→ **Extracted material**:
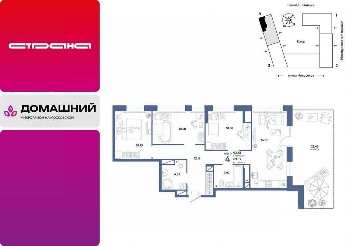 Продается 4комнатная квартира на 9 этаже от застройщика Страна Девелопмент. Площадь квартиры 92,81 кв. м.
* * *
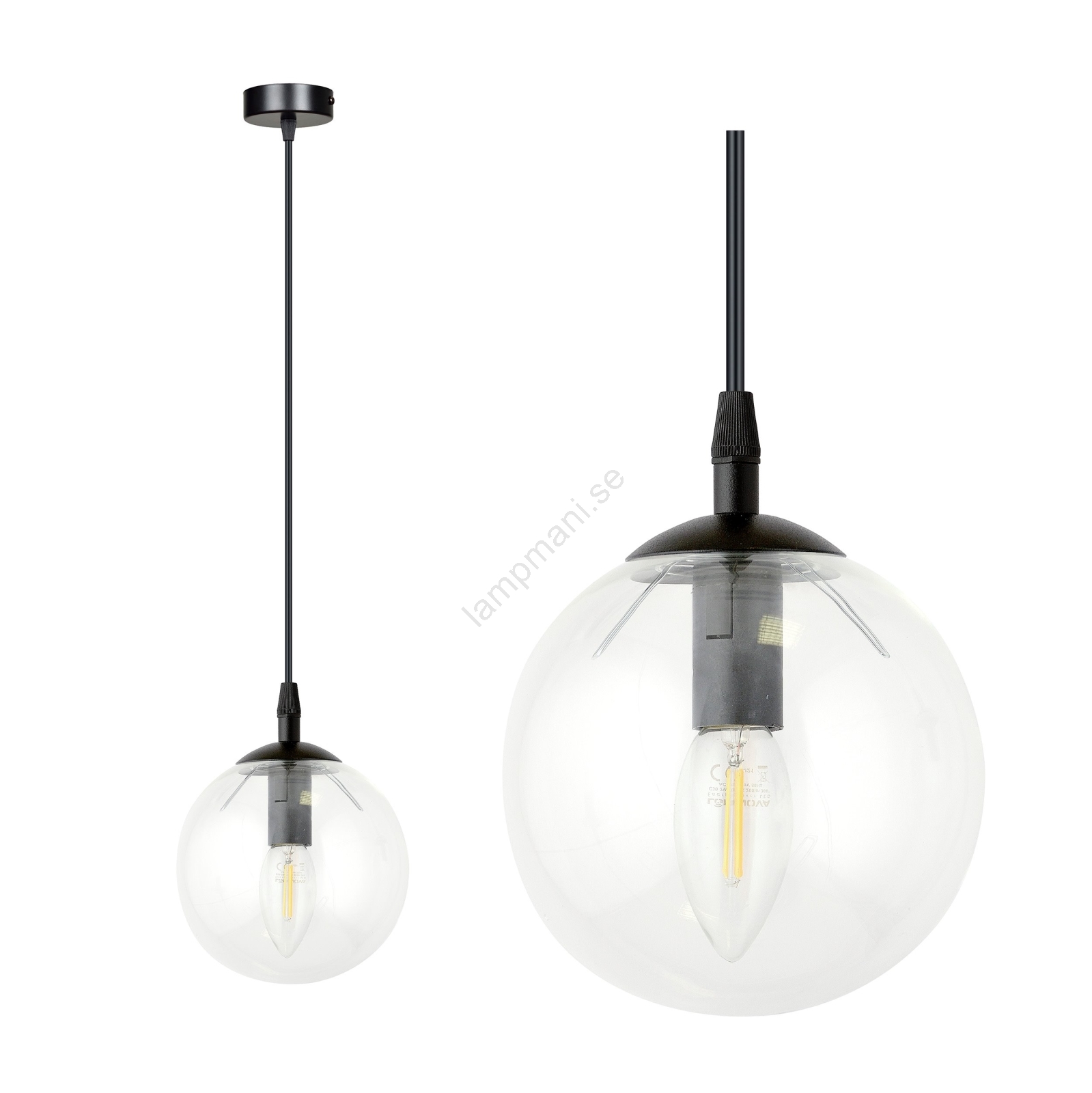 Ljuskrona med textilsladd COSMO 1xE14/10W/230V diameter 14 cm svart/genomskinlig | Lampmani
--
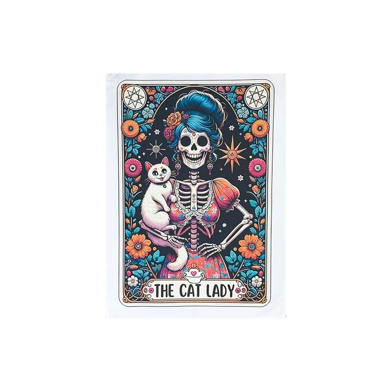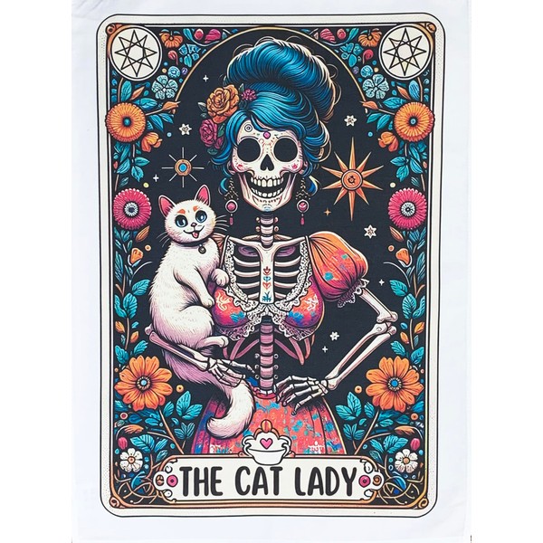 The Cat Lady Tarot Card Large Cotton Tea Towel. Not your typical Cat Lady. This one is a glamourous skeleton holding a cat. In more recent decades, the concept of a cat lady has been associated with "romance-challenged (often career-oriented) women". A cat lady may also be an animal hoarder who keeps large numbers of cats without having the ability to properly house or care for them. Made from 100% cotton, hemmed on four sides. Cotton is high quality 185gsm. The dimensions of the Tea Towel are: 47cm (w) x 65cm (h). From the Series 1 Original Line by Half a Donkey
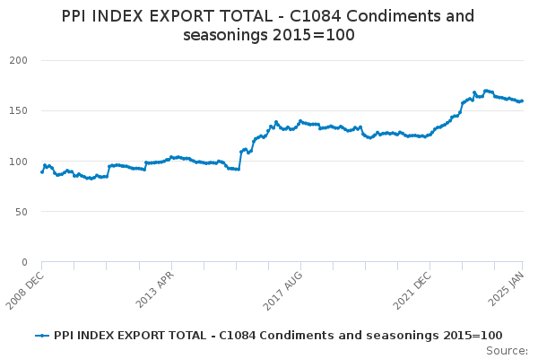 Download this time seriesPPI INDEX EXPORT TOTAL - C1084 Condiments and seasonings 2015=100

→ **To do**: Working from the data above, repeat exactly, and only, the lines that begin at the line containing "The Cat Lady" and stop after the line containing "Download this time"; pictures are not copied.

→ **Written response**:
 The Cat Lady Tarot Card Large Cotton Tea Towel. Not your typical Cat Lady. This one is a glamourous skeleton holding a cat. In more recent decades, the concept of a cat lady has been associated with "romance-challenged (often career-oriented) women". A cat lady may also be an animal hoarder who keeps large numbers of cats without having the ability to properly house or care for them. Made from 100% cotton, hemmed on four sides. Cotton is high quality 185gsm. The dimensions of the Tea Towel are: 47cm (w) x 65cm (h). From the Series 1 Original Line by Half a Donkey
 Download this time seriesPPI INDEX EXPORT TOTAL - C1084 Condiments and seasonings 2015=100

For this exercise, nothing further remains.